▶ **Description of the task**:
Every line of the material must be restated exactly, though not its pictures.

▶ **Available data**:
= = = = =
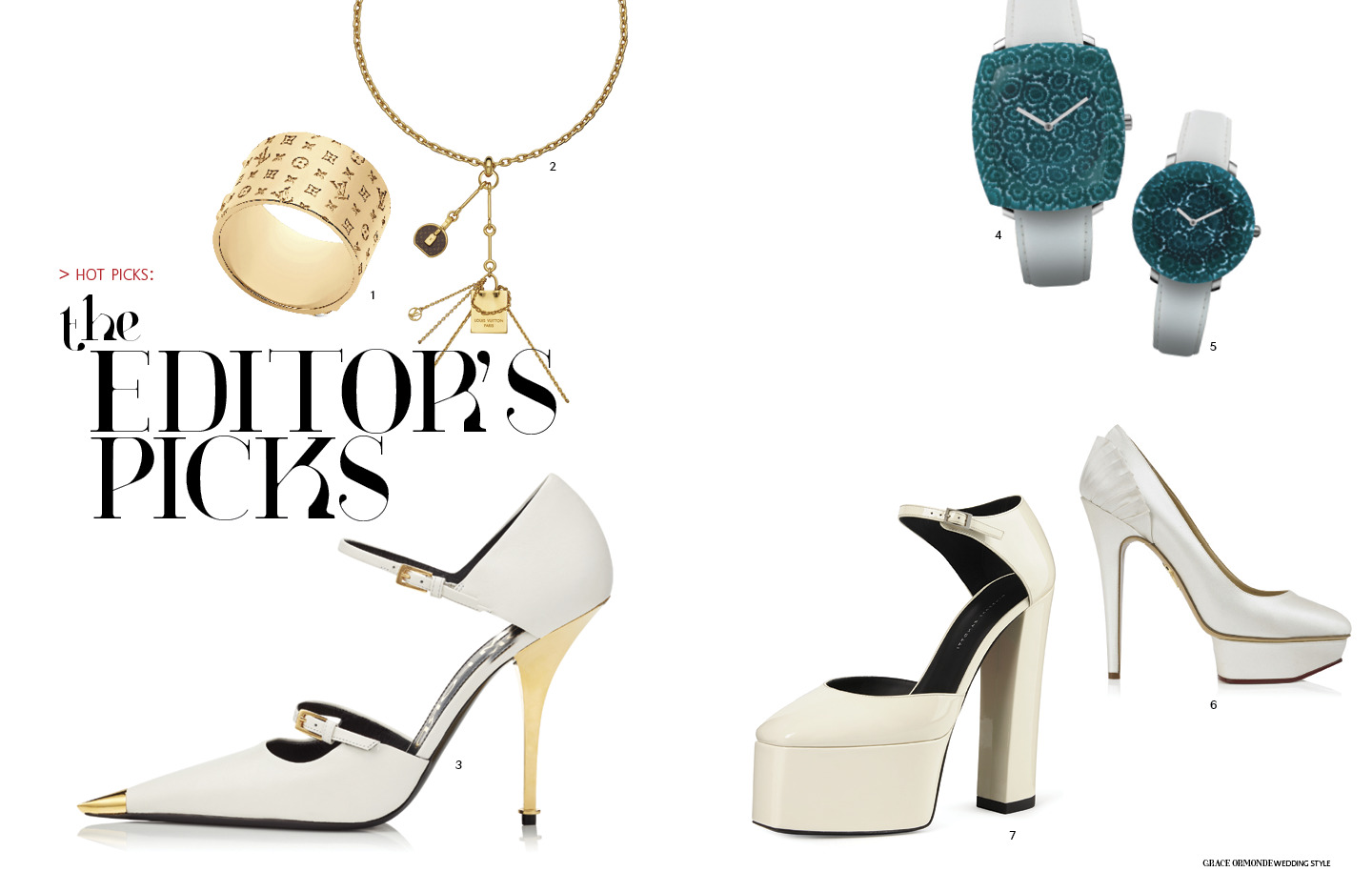 1. Louis Vuitton Nanogram Ring, $365; 2. Louis Vuitton Mini LV Pendant, $615; 3. Tom Ford Leather Mary Jane Pump in Chalk, $1,550; 4. and 5. Yunik Bora Bora Timepiece featuring Vegan Strap and Murano Glass Dial; 6. Charlotte Olympia Paloma Pump in White, $795; 7. Giuseppe Zanotti Bebe White Closed-Toe Platform Sandal, $995.1. Giuseppe Zanotti Farrah
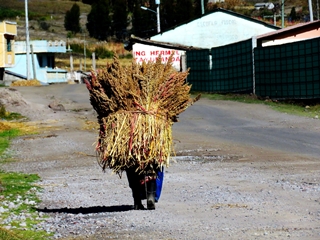 Wir stehen drei Tage … beobachten das Leben der indigenen Bergbauern. Die Hirseernte ist sehr mühselig … die Frauen schneiden und bündeln die dicken Halme bei Hand. Dann müssen sie wie Packesel die schweren Ballen kilometerweit zu ihren Häusern schleppen. Das Ganze nicht nur einmal am Tag. Oft haben sie noch ihr Baby in Tüchern um den Laib gewickelt … diese Menschen hier sind sehr, sehr arm.
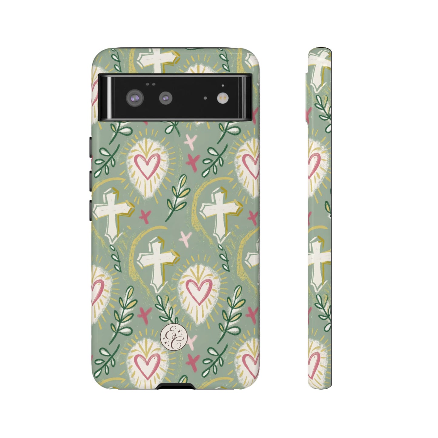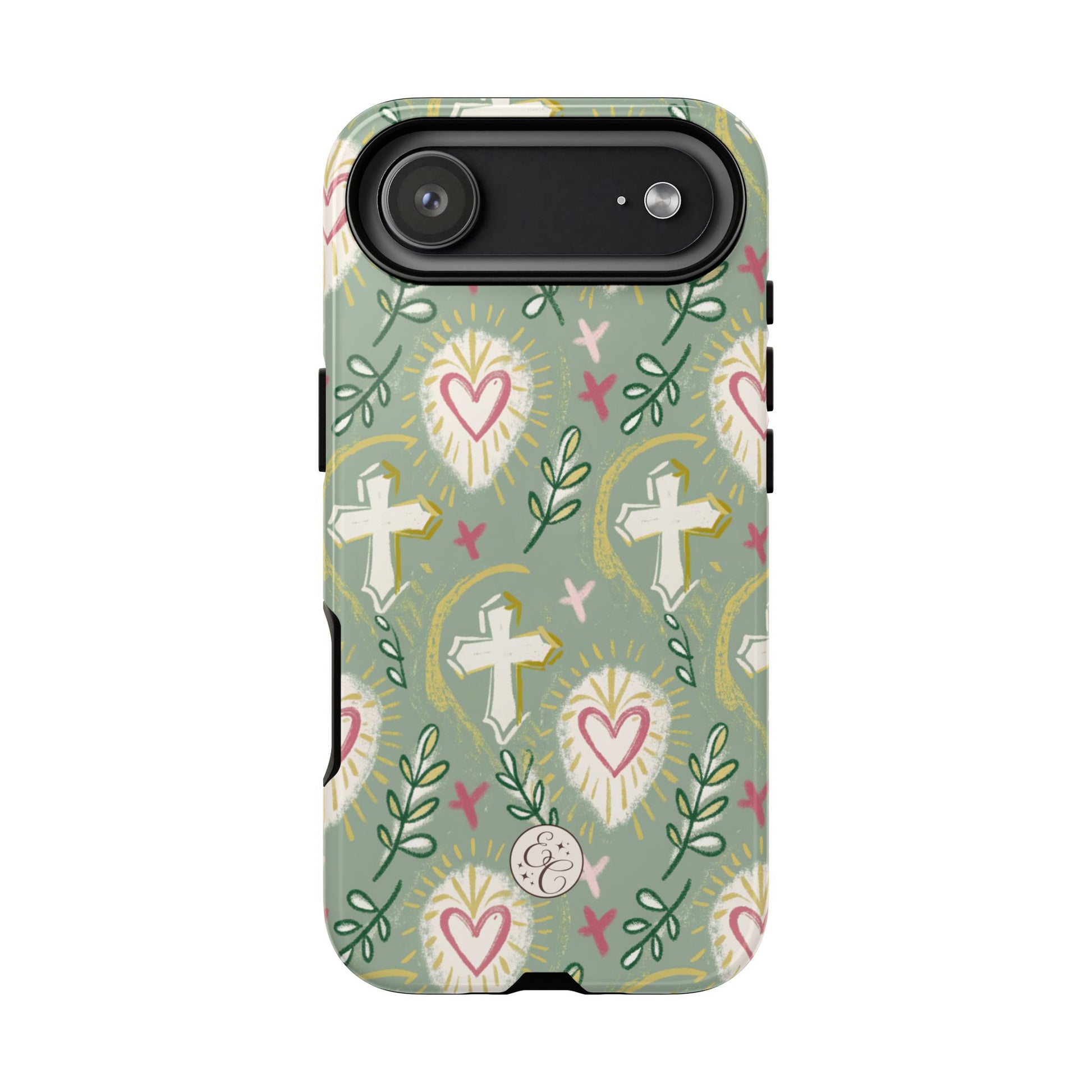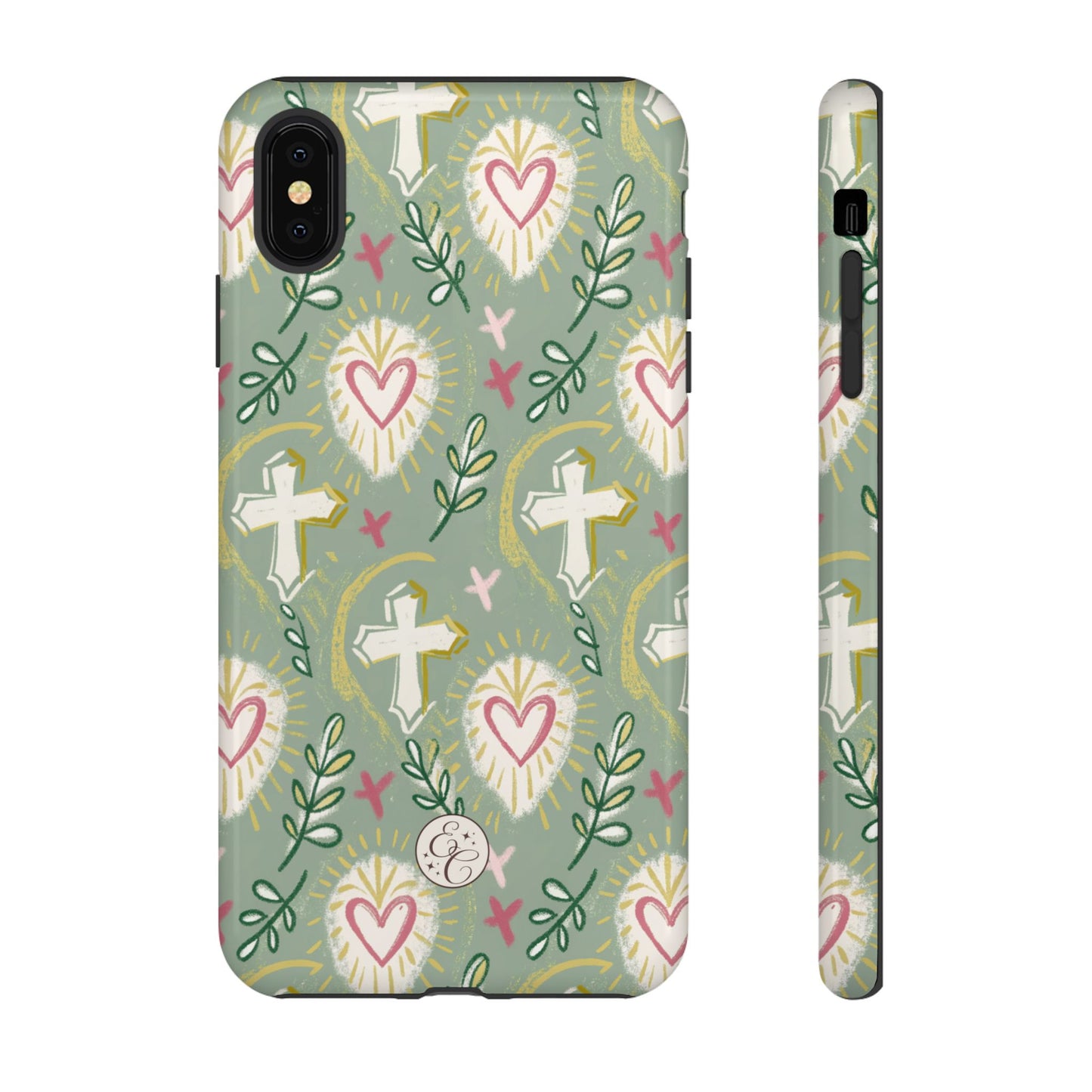 🙏Celebrate faith in style with this beautifully designed phone case featuring a boho-inspired pattern of crosses, sacred hearts ❤️, and olive branches 🌿. The soft pastel tones and hand-drawn elements give it a unique, artistic touch, perfect for those who love religious and spiritual aesthetics 🙏.
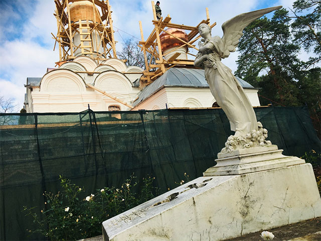 Зайдя на небольшую территорию вокруг храма, я увидел, что и он тоже закрыт строительной ограждающей сеткой, а на лесах рабочие покрывали листами яркой меди головки куполов. По узкой каменной дорожке можно было обойти вокруг храма и со стороны Москвы-реки, где находилась могила Татьяны Николаевны Юсуповой (14.02.1866–15.06.1888), родной сестры Зинаиды, умершей молодой, там я с удивлением обнаружил, что на могиле стоит новая копия надгробной статуи девушки-ангела работы Марка Антокольского, ранее в мои прошлые приезды сюда ее не было.
= = = = =
▶ **Solution for this problem**:
 1. Louis Vuitton Nanogram Ring, $365; 2. Louis Vuitton Mini LV Pendant, $615; 3. Tom Ford Leather Mary Jane Pump in Chalk, $1,550; 4. and 5. Yunik Bora Bora Timepiece featuring Vegan Strap and Murano Glass Dial; 6. Charlotte Olympia Paloma Pump in White, $795; 7. Giuseppe Zanotti Bebe White Closed-Toe Platform Sandal, $995.1. Giuseppe Zanotti Farrah
 Wir stehen drei Tage … beobachten das Leben der indigenen Bergbauern. Die Hirseernte ist sehr mühselig … die Frauen schneiden und bündeln die dicken Halme bei Hand. Dann müssen sie wie Packesel die schweren Ballen kilometerweit zu ihren Häusern schleppen. Das Ganze nicht nur einmal am Tag. Oft haben sie noch ihr Baby in Tüchern um den Laib gewickelt … diese Menschen hier sind sehr, sehr arm.
 🙏Celebrate faith in style with this beautifully designed phone case featuring a boho-inspired pattern of crosses, sacred hearts ❤️, and olive branches 🌿. The soft pastel tones and hand-drawn elements give it a unique, artistic touch, perfect for those who love religious and spiritual aesthetics 🙏.
 Зайдя на небольшую территорию вокруг храма, я увидел, что и он тоже закрыт строительной ограждающей сеткой, а на лесах рабочие покрывали листами яркой меди головки куполов. По узкой каменной дорожке можно было обойти вокруг храма и со стороны Москвы-реки, где находилась могила Татьяны Николаевны Юсуповой (14.02.1866–15.06.1888), родной сестры Зинаиды, умершей молодой, там я с удивлением обнаружил, что на могиле стоит новая копия надгробной статуи девушки-ангела работы Марка Антокольского, ранее в мои прошлые приезды сюда ее не было.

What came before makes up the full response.